A HISTORY OF SEARLES SCHOOL & CHAPEL

Constructed between 1907-1909, Searles School and Chapel was donated to the town of Windham by the philanthropist and Methuen native Edward Francis Searles (1841-1920).h

Edward Searles

Searles was assembling what was to be a 1200 acre estate that surrounded the existing school house #1 of six in those days.

He proposed to the town that he would donate a new structure in exchange for the old.  The offer was accepted in November 1906 and the building (According to Searles , it cost over $40,000.00.) was completed in early 1909.

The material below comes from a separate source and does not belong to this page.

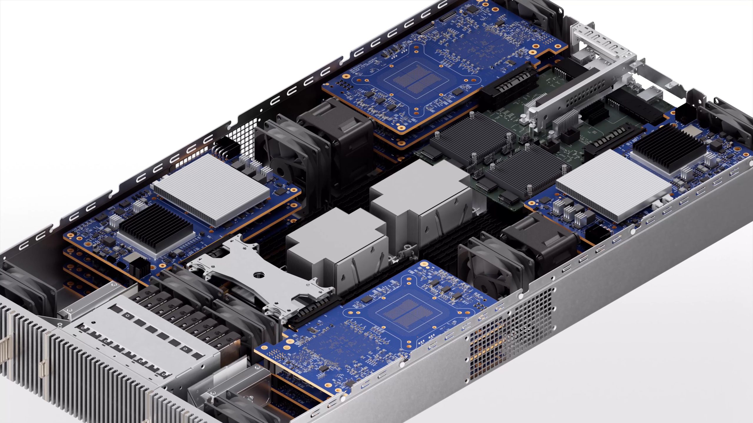 Designed by Map Project Office, the server units embody a refined minimalist language. Decisions around colour, material, finish, and form were central to the design process. By integrating real-world material samples and prototypes, Found developed a digital representation of the chip, cards, and server units that closely mirrors the manufacturing process, bringing accuracy and tactility to the film.

Searles Chapel, Date Unknown

Designed in the Gothic Revival style by the preeminent English expatriate architect Henry Vaughan, it served as a schoolhouse until the early 1970’s.  When it no longer served its intended purpose it was threatened with demolition.  It averted that fate when its restoration was named by the Windham Bicentennial Commission as it’s primary project. After the bicentennial, the Windham Historic Commission was created to continue the process.  In 1982 it was added to the National Register of Historic Places.

Henry Vaughan

It serves a great example of re-purposing of a landmark municipal building, while retaining it’s integrity and generating revenue through it’s use as an events venue.

ABOUT HENRY VAUGHAN  

Born in England, Henry Vaughan (1845-1917) immigrated to the United States in 1881.  His first commission in that year was the Chapel for the Episcopal Sisters of Saint Margaret on Louisburg Square in Boston.  The chapel is now part of the home of Teresa Heinz and Secretary of State John Kerry.  Even though he practiced in the United States until his death in 1917, Vaughan’s style remained very English.  He did not adapt to other architectural styles of the time.  “He was, in short an English architect who happened to work in America.”